In retrospect, maybe he was right that teaching a course in Facebook would "creep out" students, but I think this might only be true for existing students. I think that, for universities and colleges, Facebook could be an entirely new delivery mechanism that could attract an entirely new global cohort of students. From the UK, here's the first such example I've seen: Poking, Tagging and Now Landing an M.B.A.
thanks to a pair of young British entrepreneurs, students who do want both a business education and the credential to prove it can now pursue their studies at the same time as they “poke” their friends, tag photos, update their relationship status or harvest their virtual crops on FarmVille.
The London School of Business and Finance Global M.B.A. bills itself as “the world’s first internationally recognized M.B.A. to be delivered through a Facebook application.”
Only a month old,
the application already has more than 30,000 active users accessing courses in corporate finance, accounting, ethics, marketing and strategic planning, according to the business school.and,
Aaron Etingen, founder and chief executive of the London School of Business and Finance, said he expected 500,000 prospective students to take the free “M.B.A. test drive” within a year.
What does that Facebook application include?
Students who like what they see will be able to watch video lectures, participate in online peer-to-peer study sessions and track their progress through interactive tests — all without charge.
So how does the university make money?
“There is only a fee if they want to take exams,” said Valery Kisilevsky, the school’s managing director.

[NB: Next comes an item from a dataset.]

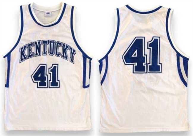 Men’s Kentucky Wildcats #41 Mark Pope White Stitched Basketball Jersey
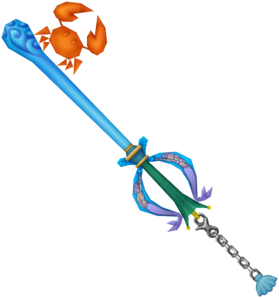 Le porte-clé de cette Keyblade est un coquillage, tout comme son équivalent dans Kingdom Hearts II, la Mystérieuse Abîme. Son panneton en forme de crabe rappelle ses origines "marines".

Each module is paid for separately, making the total cost of the M.B.A. £14,500, or about $23,000 — the same as for London School of Business and Finance’s campus-based and conventional distance-learning M.B.A. degrees. Like those programs, the Facebook Global M.B.A. degree is certified by the University of Wales. “What we’ve done is eliminate the risk,” Mr. Kisilevsky said.
Much like the Open Courseware movement, it seems that offering course materials for free is less risky than it seems. Instead of cannibalizing existing enrollment, these approaches seem to provide a preview of the quality of the curriculum and open up opportunities for global enrollment growth.
Imagine if their numbers are right and they can get 500,000 prospective students to 'test drive' in the first year and conservatively another 10% or 50,000 to convert to paid customers (i.e. take the test). That's a huge new revenue stream! The most valuable asset of colleges and universities is not the content, it is the degrees, certificates and credentials that we award.
Another important factor in the potential success of this approach is student engagement.
“The dirty secret of online education is the appallingly low completion rate,” Mr. Etingen said. “Fewer than one in four students who begin an online M.B.A. ever graduate, and it didn’t seem ethical to me to take someone’s money up front, knowing that most of them won’t finish.”
According to some studies, students check their Facebook profile at least 18 times per day. I can't imagine that students check their college e-mail or their traditional online courses at that rate. That level of engagement leads to greater student success, increased positive word-of-mouth, and increased enrollment. Success builds success!